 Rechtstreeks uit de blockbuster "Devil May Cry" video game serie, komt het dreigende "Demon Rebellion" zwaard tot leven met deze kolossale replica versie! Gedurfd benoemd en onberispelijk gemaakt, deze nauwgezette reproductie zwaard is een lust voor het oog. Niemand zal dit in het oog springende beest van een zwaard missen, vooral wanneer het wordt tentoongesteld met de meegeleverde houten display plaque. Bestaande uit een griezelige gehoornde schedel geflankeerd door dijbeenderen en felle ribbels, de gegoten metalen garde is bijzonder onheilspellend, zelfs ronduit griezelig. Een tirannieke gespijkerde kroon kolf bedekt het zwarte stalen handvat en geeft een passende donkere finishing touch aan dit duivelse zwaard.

--

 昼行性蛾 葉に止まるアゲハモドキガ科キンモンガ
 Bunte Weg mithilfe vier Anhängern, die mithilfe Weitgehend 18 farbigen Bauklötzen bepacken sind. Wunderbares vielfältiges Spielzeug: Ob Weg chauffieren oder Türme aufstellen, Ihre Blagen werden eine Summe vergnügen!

What to work on: Would you print, exactly as written, every line above from the one holding "昼行性蛾 葉に止まるアゲハモドキガ科キンモンガ" through the one holding "Bunte Weg mithilfe", with both included and no other lines?

Answer box:
 昼行性蛾 葉に止まるアゲハモドキガ科キンモンガ
 Bunte Weg mithilfe vier Anhängern, die mithilfe Weitgehend 18 farbigen Bauklötzen bepacken sind. Wunderbares vielfältiges Spielzeug: Ob Weg chauffieren oder Türme aufstellen, Ihre Blagen werden eine Summe vergnügen!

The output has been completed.